Она ─ как под гипнозом ─ пообещала:
– Ok, я буду дома, я заболею.
Вернувшись с вокзала, Таня закрылась дома на шесть дней. Перед этим она накупила хлеба и сигарет и позвонила редактору газеты, предупредить, что заболела. Редактор уже как-то и так криво смотрел на неё в последнее время, а в этот раз и вообще говорил очень с ней холодно.
«Ну и хрен с ним! Мне всё равно,» ─ успокоила себя она. – «Я и вправду себя как то неважно чувствую!»
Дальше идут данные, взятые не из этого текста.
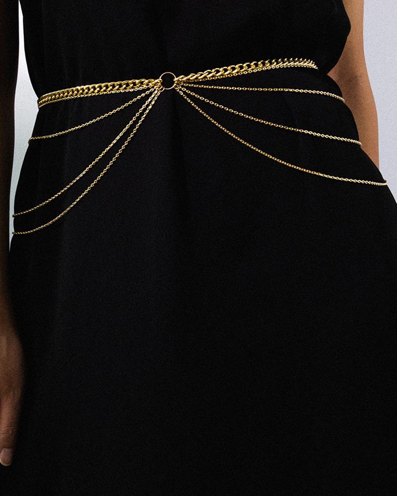 1pc Multi-layer O-Ring Waist Chain, Gold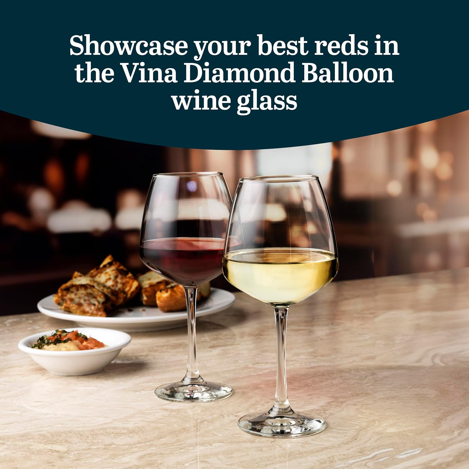Libbey Vina Diamond Balloon Wine Glasses Set, Unique Angular Red Wine Glasses Set of 12, Large, Elegant Glass Wine Glasses for Celebratory Events

Она смотрела телевизор, курила, пыталась звонить подругам, но все были на работе.
Таня достала из кладовки вязальную машину «Северянка», которую он купил ей несколько месяцев назад. У него ─ её мужа ─ была мечта: жена-домохозяйка. А она, чувствуя свою вину перед ним, всегда скучала дома. Ей было мало кухонных дел, она была отзывчива к чужим проблемам ─ факультет журналистики МГУ приучил к некоторой социальности ─ и ей постоянно нужно что-то делать для людей ─ помогать сирым и убогим, разоблачать каких-нибудь мерзавцев.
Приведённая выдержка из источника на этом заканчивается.